§ **Prompt**
Your answer should be the lines below from the one holding "飞屏功能可以帮助您在暴风魔镜" through the one holding "(¬1) نفس المصدر", copied exactly and with nothing else.
---------- Material shown
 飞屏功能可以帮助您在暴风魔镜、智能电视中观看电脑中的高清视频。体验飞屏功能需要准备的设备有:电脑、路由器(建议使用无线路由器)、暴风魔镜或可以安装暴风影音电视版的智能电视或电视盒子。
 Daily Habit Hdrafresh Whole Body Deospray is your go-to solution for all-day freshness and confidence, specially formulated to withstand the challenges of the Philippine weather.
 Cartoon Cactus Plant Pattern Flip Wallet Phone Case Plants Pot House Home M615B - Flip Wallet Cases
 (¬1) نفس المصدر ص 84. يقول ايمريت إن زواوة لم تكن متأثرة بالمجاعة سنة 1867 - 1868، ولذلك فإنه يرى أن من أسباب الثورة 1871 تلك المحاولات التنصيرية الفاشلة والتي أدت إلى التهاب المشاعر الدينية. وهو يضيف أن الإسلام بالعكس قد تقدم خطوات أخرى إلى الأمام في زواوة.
--------------------
---------- Material shown
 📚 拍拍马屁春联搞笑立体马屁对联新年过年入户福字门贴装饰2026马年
--------------------
---------- Material shown
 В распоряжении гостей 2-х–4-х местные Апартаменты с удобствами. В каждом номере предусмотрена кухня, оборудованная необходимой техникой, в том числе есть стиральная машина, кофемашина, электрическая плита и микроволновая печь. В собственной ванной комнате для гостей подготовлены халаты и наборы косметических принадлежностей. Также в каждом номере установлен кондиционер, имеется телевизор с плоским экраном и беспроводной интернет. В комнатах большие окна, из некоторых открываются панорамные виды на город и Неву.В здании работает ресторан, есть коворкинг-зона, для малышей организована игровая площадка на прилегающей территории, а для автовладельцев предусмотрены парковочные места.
--------------------
§ **Response for this exercise**
 飞屏功能可以帮助您在暴风魔镜、智能电视中观看电脑中的高清视频。体验飞屏功能需要准备的设备有:电脑、路由器(建议使用无线路由器)、暴风魔镜或可以安装暴风影音电视版的智能电视或电视盒子。
 Daily Habit Hdrafresh Whole Body Deospray is your go-to solution for all-day freshness and confidence, specially formulated to withstand the challenges of the Philippine weather.
 Cartoon Cactus Plant Pattern Flip Wallet Phone Case Plants Pot House Home M615B - Flip Wallet Cases
 (¬1) نفس المصدر ص 84. يقول ايمريت إن زواوة لم تكن متأثرة بالمجاعة سنة 1867 - 1868، ولذلك فإنه يرى أن من أسباب الثورة 1871 تلك المحاولات التنصيرية الفاشلة والتي أدت إلى التهاب المشاعر الدينية. وهو يضيف أن الإسلام بالعكس قد تقدم خطوات أخرى إلى الأمام في زواوة.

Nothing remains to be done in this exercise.